SP : Pour reprendre l’expression consacrée, on considère que “le papier n’est pas mort” : notre projet passe aussi par la modernisation de nos médias traditionnels. Et, notamment, une nouvelle maquette du journal pour renforcer la fidélisation et accueillir de nouveaux lecteurs. Cette maquette doit véhiculer notre nouvelle image sur le territoire, moderne, créative et, toujours, en proximité. Elle incarnera notre ambition de renforcer la promesse éditoriale. Mieux, on doit également s’équiper d’un nouveau centre d’impression, plus agile, moderne et réactif. Un projet d’autant plus stratégique et innovant que nous le menons en collaboration avec La Provence. Pour moi, cet exemple illustre parfaitement l’un des enjeux clés de la pérennité de notre secteur : celui de travailler en collaboration avec d’autres médias qui partagent les mêmes valeurs que nous.
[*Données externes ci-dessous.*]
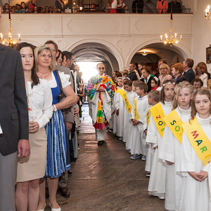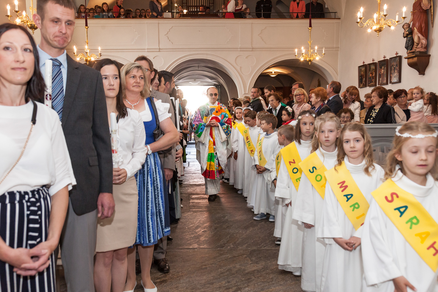 28 Kinder empfingen am 26. Mai von Pfarrer Johann Karner das erste Mal das Sakrament der Eucharistie.

DS : Quel pourcentage de vos revenus provient aujourd’hui du numérique, et où voulez-vous arriver d’ici 2030 ?
SP : Aujourd’hui, autour de 20%. Plutôt que de parler de retard, je considère que le groupe dispose d’un potentiel énorme. Cela passe avant tout par un nouveau mindset, le digital first. Cela peut paraître obsolète pour certains qui nous lisent, mais c’est une réalité pour de nombreuses entreprises dans les territoires. Le digital ne doit pas être considéré en silo, mais dans un principe d’omnicanalité à travers la transformation de nos organisations, de nos process, de nos outils, de nos projets…
DS : Quel modèle non traditionnel (hors abonnements papier ou pub classique) représente la meilleure opportunité de croissance pour vous ?
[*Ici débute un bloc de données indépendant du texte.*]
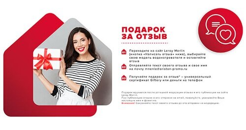 Подробнее https://reklamnyeigry.ru/2022/12/26/%d0%bf%d0%be%d0%b4%d0%b0%d1%80%d0%be%d0%ba-%d0%b7%d0%b0-%d0%be%d1%82%d0%b7%d1%8b%d0%b2/ Чтобы принять участие в рекламной акции Подарок за отзыв необходимо с 01 января 2022 года по 30 января 2023 года: 1. Переходите на сайт Leroy Merlin https://ariston-promo.ru/mnenie-lm/, выбирайте свою модель водонагревателя и оставляйте отзыв; 2. Отправляйте текст своего отзыва и свое имя на почту mnenie@ariston-promo.ru; 3. Получайте подарок за отзыв – универсальный сертификат Giftery или деньги на телефон. Подарок вручается после успешной модерации отзыва и его публикации на сайте Leroy Merlin.

SP : Sans doute l’événementiel. On dispose de nombreux atouts. En premier lieu, nos marques éditeurs, qui bénéficient d’une forte notoriété et d’un lien de confiance avec le public. Ensuite, notre connaissance fine des enjeux et traditions locaux, notre capacité à engager nos audiences, ainsi que notre savoir-faire dans la création de contenus inédits et immersifs. Enfin, notre lien avec les partenaires locaux. Pour accélérer, on mise avant tout sur nos collaborateurs, qui incarnent nos marques et partagent notre exigence de qualité. Mais on envisage aussi d’élargir notre empreinte en nouant des partenariats et en développant une stratégie de croissance externe. On s’inspire de modèles réussis comme le Rose Festival, porté par La Dépêche du Midi, Jean-Nicolas Baylet et ses équipes, ou le Tech&Fest, développé par Le Dauphiné Libéré, qui démontrent l’impact qu’un média peut avoir en tant que créateur d’événements majeurs.
DS : Quelle initiative spécifique avez-vous lancée pour attirer les audiences jeunes, et quels résultats avez-vous obtenus ?
SP : Je dirais qu’on s’adapte surtout à leurs usages et leurs comportements, notamment sur les réseaux sociaux. Je pense qu’il est inutile de tenter à tout prix de les amener sur nos sites. On va à leur rencontre, on adopte leurs codes et on ajuste nos contenus à chacune des plateformes. On va même plus loin, via notre agence NM Influence, qui nous permet d’identifier les influenceurs clés et de collaborer avec eux pour toucher ces nouvelles audiences de manière authentique et engageante. C’est une connaissance qu’on met à disposition de nos annonceurs partenaires et qui nous permet de les accompagner dans leurs stratégies sur les plateformes et vis-à-vis des jeunes.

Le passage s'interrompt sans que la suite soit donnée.